16. The metal film production method of claim 10, wherein the source gas containing the halogen is the source gas containing chlorine.

17. The metal film production method of claim 12, wherein the source gas containing the halogen is the source gas containing chlorine.

18. The metal film production method of claim 13, wherein the source gas containing the halogen is the source gas containing chlorine.

19. The metal film production method of claim 14, wherein the source gas containing the halogen is the source gas containing chlorine.

20. The metal film production method of claim 15, wherein the etched member is made of copper so that Cu_xCl_yis formed as the precursor.

21. The metal film production method of claim 16, wherein the etched member is made of copper so that Cu_xCl_yis formed as the precursor.

22. The metal film production method of claim 17, wherein the etched member is made of copper so that Cu_xCl_yis formed as the precursor.

23. The metal film production method of claim 18, wherein the etched member is made of copper so that Cu_xCl_yis formed as the precursor.

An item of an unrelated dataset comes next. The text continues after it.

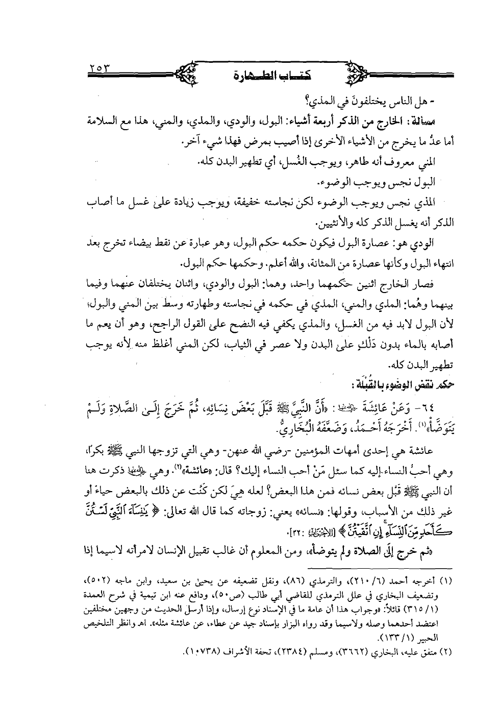 64 - وعن عائشة رضي الله عنه: "أن النبي صلى الله عليه وسلم قبل بعض نسائه، ثم خرج إلى الصلاة ولم يتوضأ". أخرجه أحمد، وضعفه البخاري.

24. The metal film production method of claim 19, wherein the etched member is made of copper so that Cu_xCl_yis formed as the precursor.

25. The metal film production method of claim 9, wherein the etched member is made of tantalum, tungsten or titanium which is a halide-forming metal.

26. The metal film production method of claim 10, wherein the etched member is made of tantalum, tungsten or titanium which is a halide-forming metal.

27. The metal film production method of claim 12, wherein the etched member is made of tantalum, tungsten or titanium which is a halide-forming metal.

28. The metal film production method of claim 13, wherein the etched member is made of tantalum, tungsten or titanium which is a halide-forming metal.

29. The metal film production method of claim 14, wherein the etched member is made of tantalum, tungsten or titanium which is a halide-forming metal.